» **Work item**:
Return the line containing "Use this relief" together with every later line up to the end of the records, exactly and with no pictures; return nothing else.

» **Supplied data**:
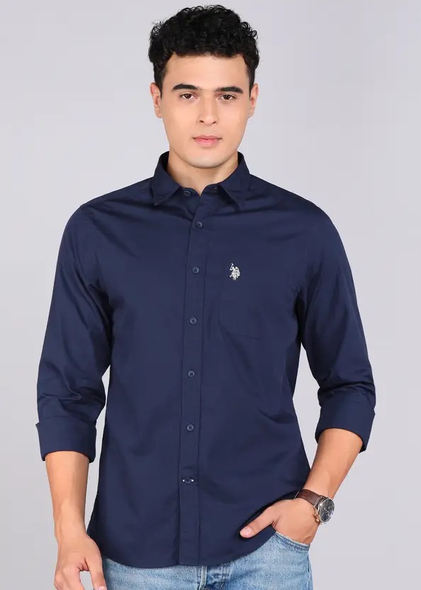 Men Regular Fit Solid Cut Away Collar Casual Shirt
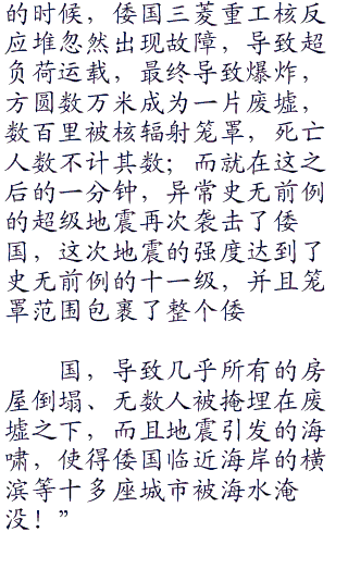 “轰”涛涛浪声,几乎瞬息间,无边的海水倒灌而入,将临海的陆地全部淹没,一座座城市全都浸没在了冰冷的海水中,无数的人在哭泣、惨叫...
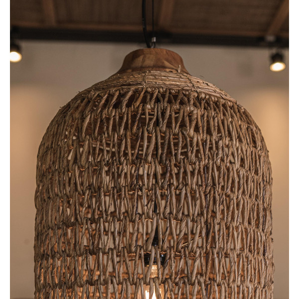 The Brandy Wing pendant has a unique lampshade. Made from a metal frame, this lampshade is cleverly wrapped in abaca bark to create a rustic and pleasant woven appearance. The lamp is then topped by a crest of reclaimed teak, turned by hand. The light diffused through the lampshade creates a beautiful lattice glow on surfaces and walls, adding a touch of elegance to any room or home. The Brandy Wing lamp shade collection enhances the ambiance of any
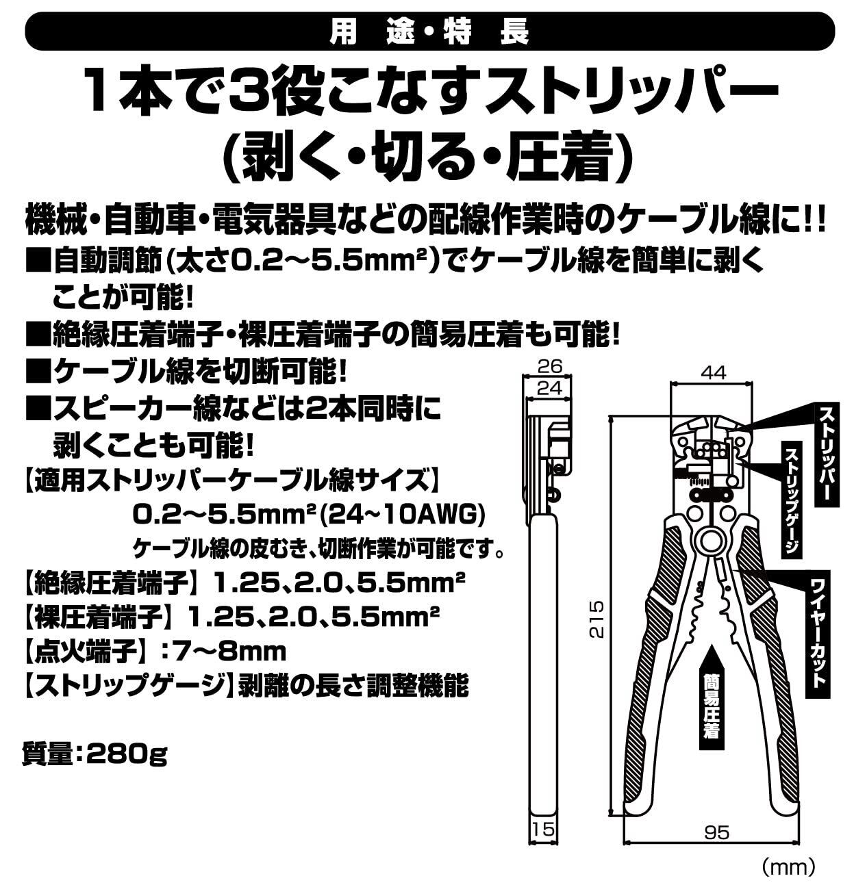 ケーブルの皮むき適応範囲:AWG24~10(0.2~5.5sq)
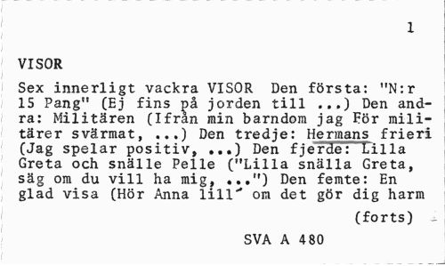 //// 1 //// VISOR //// Sex innerligt vackra VISOR Den första: "N:r 15 Pang" (Ej fins £>å jorden till ...) Den andra: Militären (Ifrån min barndom jag Hör militärer svärmat, ...) Den tredje: Hermans frieri (Jag spelar positiv, ...) Den fjerde: Lilla Greta och snälle Pelle ("Lilla snälla Greta, säg om du vill ha mig? ...") Den femte: En glad visa (Hör Anna lill" om det gör dig harm //// (forts) - //// SVA A 4 80 ////
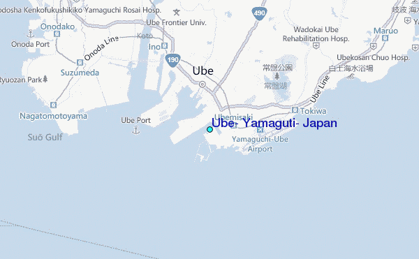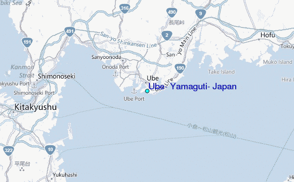 Use this relief map to navigate to tide stations, surf breaks and cities that are in the area of Ube, Yamaguti, Japan.
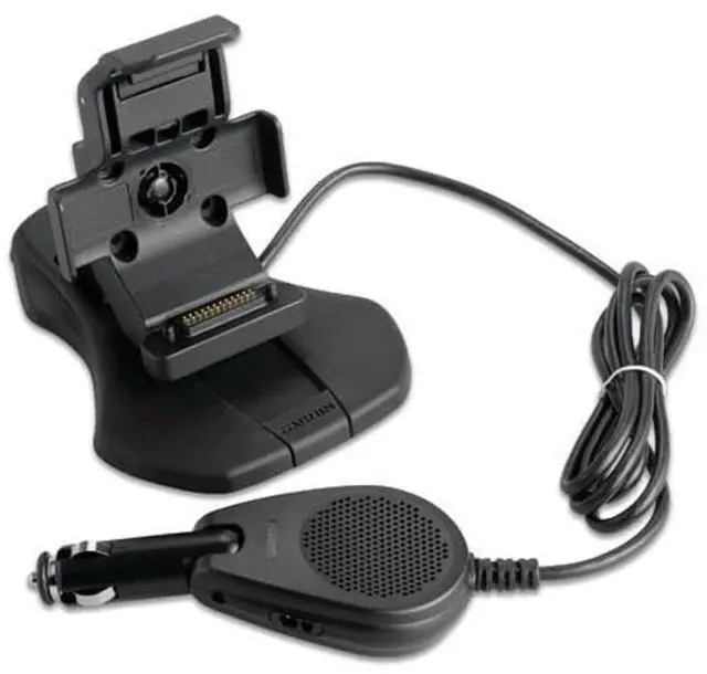 GARMIN 010-11025-01 Auto Mount. This automotive mount has an integrated vehicle power cable and external speaker for audible turn by turn directions.
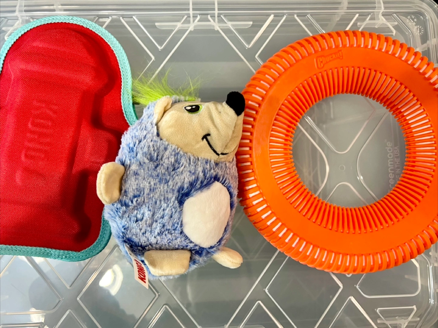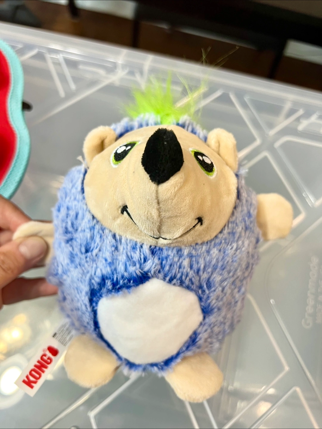 52Bundle includes: one orange Chuckit! ring, one Kong hedgehog plush toy, and one Kong fire hydrant plush toy. Great for fetch and playtime. brand new never used $5 each, $12 for all 3
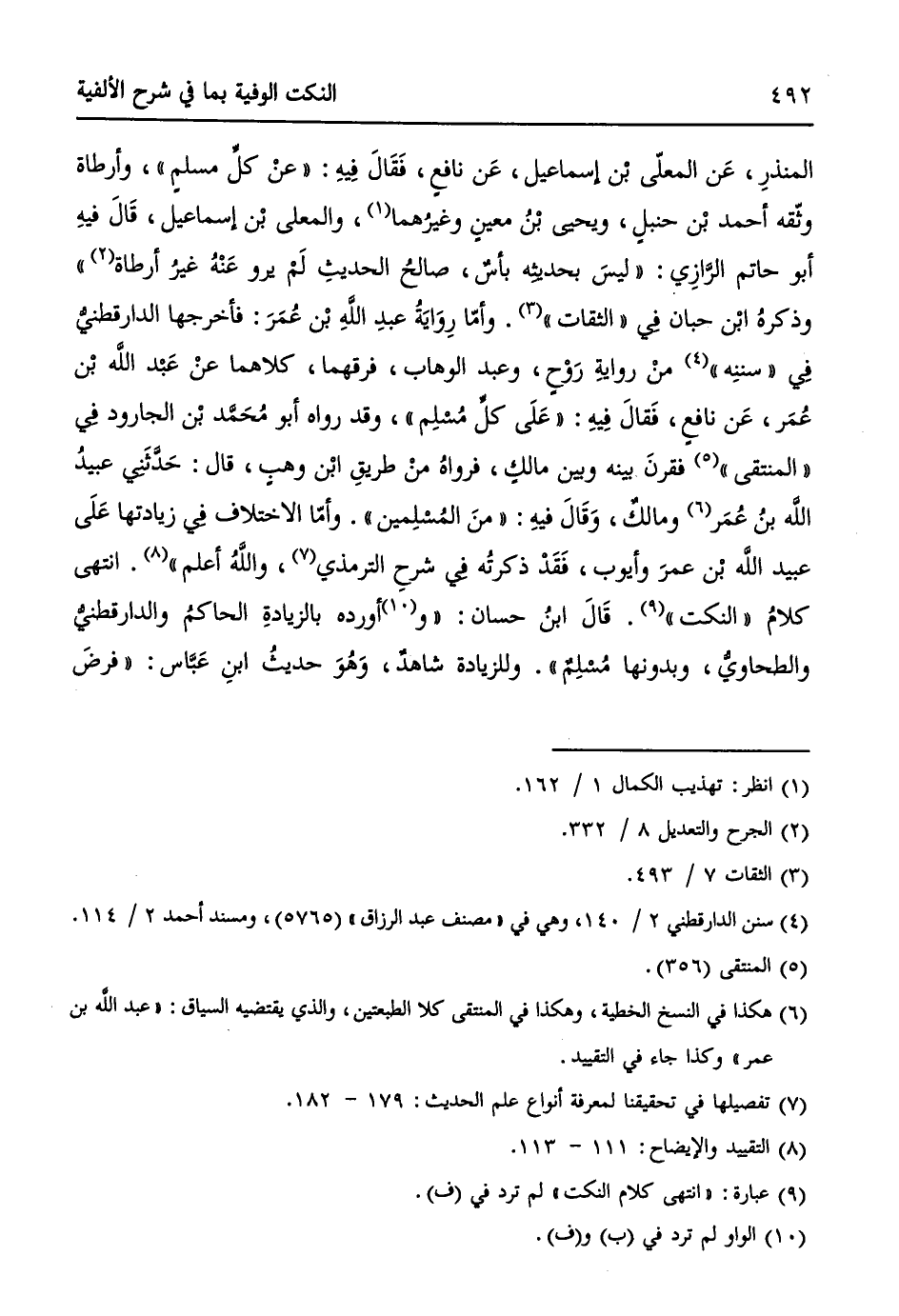 المنذرِ، عَن المعلى بن إسماعيل، عَن نافعٍ، فَقَالَ فِيهِ: ((عنْ كلِّ مسلمٍ))، وأرطاة وثّقه أحمد بن حنبلٍ، ويحيى بنُ معينٍ وغيرُهما (¬1)، والمعلى بن إسماعيل، قَالَ فيهِ أبو حاتم الرَّازِي: ((ليسَ بحديثهِ بأسٌ، صالحُ الحديثِ لَمْ يرو عَنْهُ غيرُ أرطاة (¬2))) وذكرهُ ابن حبان فِي " الثقات " (¬3). وأمّا رِوَايَةُ عبدِ اللهِ بن عُمَرَ: فأخرجها الدارقطنيُّ فِي " سننهِ " (¬4) منْ روايةِ رَوْحٍ، وعبد الوهاب، فرقهما، كلاهما عنْ عَبْد الله بن عُمَر، عَن نافعٍ، فَقَالَ فِيهِ: ((عَلَى كلِّ مُسْلِم))، وقد رواه أبو مُحَمَّد ابن الجارود فِي " المنتقى" (¬5) فقرنَ بينه وبين مالكٍ، فرواهُ منْ طريقِ ابن وهبٍ، قال: حَدَّثَنِي عبيدُ اللهِ بنُ عُمَر (¬6) ومالكٌ، وَقَالَ فيهِ: ((منَ المُسْلِمِين)). وأمّا الاختلاف فِي زيادتها عَلَى عبيد الله بن عمرَ وأيوب، فَقَدْ ذكرتهُ فِي شرحِ الترمذي (¬7)، واللهُ أعلم (¬8))). انتهى كلامُ " النكت " (¬9). قَالَ ابنُ حسان: ((و (¬10) أورده بالزيادةِ الحاكمُ والدارقطنيُّ والطحاويُّ، وبدونها مُسْلِمٌ)). وللزيادة شاهدٌ، وَهُوَ حديثُ ابْن عَبَّاس: ((فرضَ
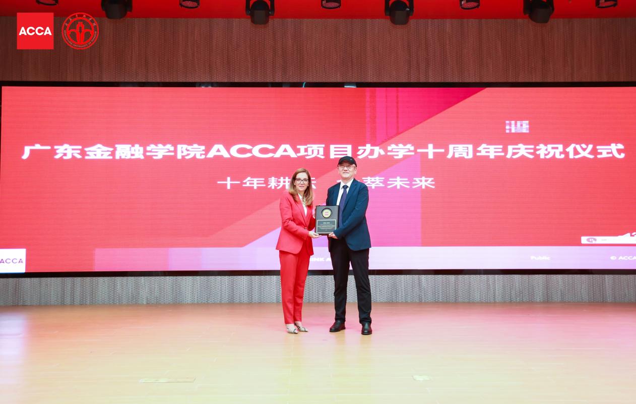 论坛现场,ACCA市场关系执行总监卢曦(Lucia Real Martin)女士特别向学院秦格院长颁授“ACCA方向班十周年纪念”奖牌,充分肯定广金十年深耕国际化财会教育的标杆贡献。学院亦正式发布与ACCA联合打造的“学员能力进阶与就业竞争力双提升”综合方案,商讨启动MPAcc与审计硕士层面ACCA课程嵌入,共同探讨“3+1”本硕连读国际化培养新模式,为粤港澳大湾区持续输送具备国际视野、战略思维与职业素养的高素质财会人才。

» **Result for this task**:
 Use this relief map to navigate to tide stations, surf breaks and cities that are in the area of Ube, Yamaguti, Japan.
 GARMIN 010-11025-01 Auto Mount. This automotive mount has an integrated vehicle power cable and external speaker for audible turn by turn directions.
 52Bundle includes: one orange Chuckit! ring, one Kong hedgehog plush toy, and one Kong fire hydrant plush toy. Great for fetch and playtime. brand new never used $5 each, $12 for all 3
 المنذرِ، عَن المعلى بن إسماعيل، عَن نافعٍ، فَقَالَ فِيهِ: ((عنْ كلِّ مسلمٍ))، وأرطاة وثّقه أحمد بن حنبلٍ، ويحيى بنُ معينٍ وغيرُهما (¬1)، والمعلى بن إسماعيل، قَالَ فيهِ أبو حاتم الرَّازِي: ((ليسَ بحديثهِ بأسٌ، صالحُ الحديثِ لَمْ يرو عَنْهُ غيرُ أرطاة (¬2))) وذكرهُ ابن حبان فِي " الثقات " (¬3). وأمّا رِوَايَةُ عبدِ اللهِ بن عُمَرَ: فأخرجها الدارقطنيُّ فِي " سننهِ " (¬4) منْ روايةِ رَوْحٍ، وعبد الوهاب، فرقهما، كلاهما عنْ عَبْد الله بن عُمَر، عَن نافعٍ، فَقَالَ فِيهِ: ((عَلَى كلِّ مُسْلِم))، وقد رواه أبو مُحَمَّد ابن الجارود فِي " المنتقى" (¬5) فقرنَ بينه وبين مالكٍ، فرواهُ منْ طريقِ ابن وهبٍ، قال: حَدَّثَنِي عبيدُ اللهِ بنُ عُمَر (¬6) ومالكٌ، وَقَالَ فيهِ: ((منَ المُسْلِمِين)). وأمّا الاختلاف فِي زيادتها عَلَى عبيد الله بن عمرَ وأيوب، فَقَدْ ذكرتهُ فِي شرحِ الترمذي (¬7)، واللهُ أعلم (¬8))). انتهى كلامُ " النكت " (¬9). قَالَ ابنُ حسان: ((و (¬10) أورده بالزيادةِ الحاكمُ والدارقطنيُّ والطحاويُّ، وبدونها مُسْلِمٌ)). وللزيادة شاهدٌ، وَهُوَ حديثُ ابْن عَبَّاس: ((فرضَ
 论坛现场,ACCA市场关系执行总监卢曦(Lucia Real Martin)女士特别向学院秦格院长颁授“ACCA方向班十周年纪念”奖牌,充分肯定广金十年深耕国际化财会教育的标杆贡献。学院亦正式发布与ACCA联合打造的“学员能力进阶与就业竞争力双提升”综合方案,商讨启动MPAcc与审计硕士层面ACCA课程嵌入,共同探讨“3+1”本硕连读国际化培养新模式,为粤港澳大湾区持续输送具备国际视野、战略思维与职业素养的高素质财会人才。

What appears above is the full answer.